Assignment: Copy the material below verbatim from the line with "徐慎恕:她就是那個《燃燒自己照亮別人》的女人。" to the line with "在會議廳內(nèi)面向講臺擺放一排排座椅,中間留有較寬的過道。", both lines included, omitting pictures and every line outside that range.

Stored data Start Marker

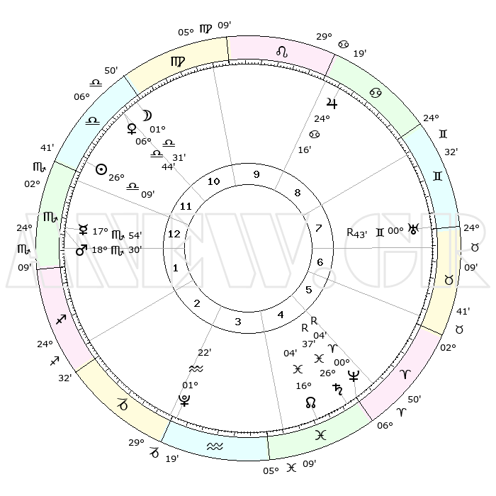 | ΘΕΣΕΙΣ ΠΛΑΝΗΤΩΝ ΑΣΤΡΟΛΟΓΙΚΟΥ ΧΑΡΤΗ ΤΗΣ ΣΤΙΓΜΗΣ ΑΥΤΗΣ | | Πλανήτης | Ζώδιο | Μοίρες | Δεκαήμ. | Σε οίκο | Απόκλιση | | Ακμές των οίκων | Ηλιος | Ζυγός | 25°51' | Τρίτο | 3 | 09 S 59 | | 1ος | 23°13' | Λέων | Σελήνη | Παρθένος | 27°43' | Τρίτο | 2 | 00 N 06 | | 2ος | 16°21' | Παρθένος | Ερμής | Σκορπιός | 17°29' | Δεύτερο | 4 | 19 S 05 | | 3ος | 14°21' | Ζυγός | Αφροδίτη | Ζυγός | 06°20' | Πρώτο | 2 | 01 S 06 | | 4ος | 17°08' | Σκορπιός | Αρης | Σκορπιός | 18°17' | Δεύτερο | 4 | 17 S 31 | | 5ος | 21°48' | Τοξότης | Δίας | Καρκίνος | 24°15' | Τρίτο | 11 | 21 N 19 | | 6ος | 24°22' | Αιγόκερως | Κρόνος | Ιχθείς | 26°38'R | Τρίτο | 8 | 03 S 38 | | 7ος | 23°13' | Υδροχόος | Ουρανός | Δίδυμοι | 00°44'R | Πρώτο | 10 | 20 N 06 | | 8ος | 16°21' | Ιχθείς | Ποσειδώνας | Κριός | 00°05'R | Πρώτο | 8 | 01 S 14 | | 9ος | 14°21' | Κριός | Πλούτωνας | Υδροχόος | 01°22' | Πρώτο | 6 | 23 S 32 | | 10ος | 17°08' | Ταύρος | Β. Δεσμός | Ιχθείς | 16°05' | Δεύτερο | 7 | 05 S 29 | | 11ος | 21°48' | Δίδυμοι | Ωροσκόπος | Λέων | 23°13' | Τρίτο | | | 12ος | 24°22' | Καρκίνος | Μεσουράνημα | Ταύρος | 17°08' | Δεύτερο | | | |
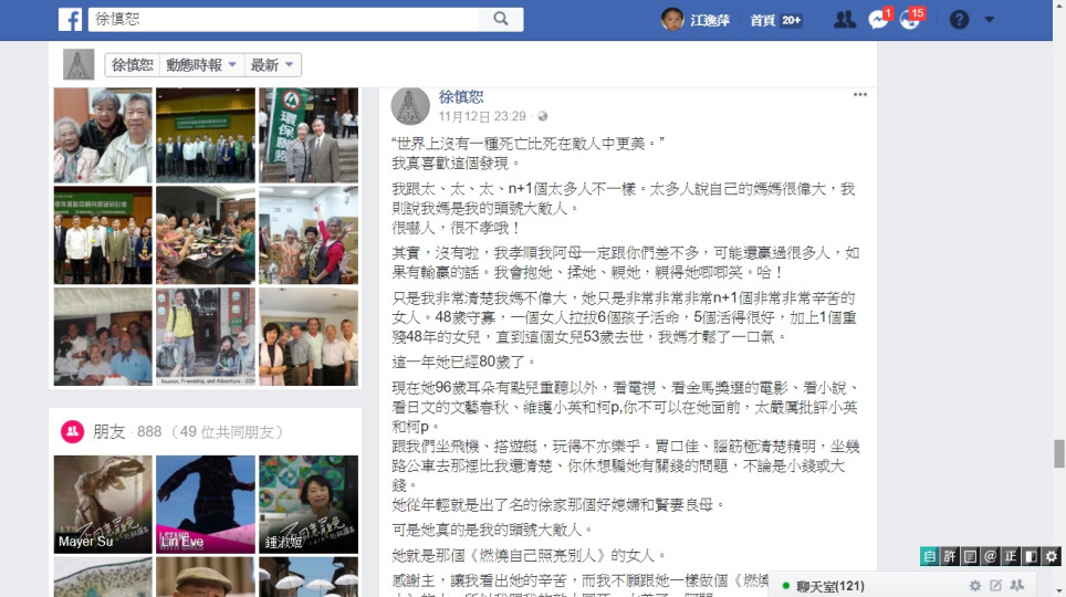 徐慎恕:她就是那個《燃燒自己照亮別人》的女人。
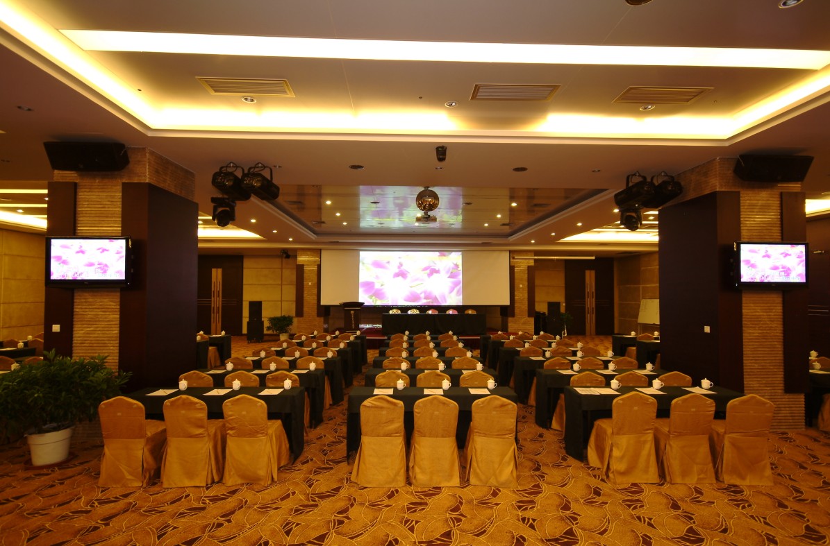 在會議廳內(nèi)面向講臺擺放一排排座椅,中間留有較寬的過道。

Stored data End Marker
Stored data Start Marker

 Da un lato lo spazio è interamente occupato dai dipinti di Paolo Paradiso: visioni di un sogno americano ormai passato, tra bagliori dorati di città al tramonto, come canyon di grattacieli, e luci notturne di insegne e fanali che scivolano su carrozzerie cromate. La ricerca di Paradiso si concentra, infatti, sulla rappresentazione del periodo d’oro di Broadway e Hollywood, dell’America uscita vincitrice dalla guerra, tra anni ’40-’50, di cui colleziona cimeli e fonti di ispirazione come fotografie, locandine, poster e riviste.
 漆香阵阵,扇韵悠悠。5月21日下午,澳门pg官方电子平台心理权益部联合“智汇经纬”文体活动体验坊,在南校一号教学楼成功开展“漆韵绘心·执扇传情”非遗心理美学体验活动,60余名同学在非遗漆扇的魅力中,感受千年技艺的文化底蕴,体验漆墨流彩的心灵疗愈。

Stored data End Marker

Finished exercise:
 徐慎恕:她就是那個《燃燒自己照亮別人》的女人。
 在會議廳內(nèi)面向講臺擺放一排排座椅,中間留有較寬的過道。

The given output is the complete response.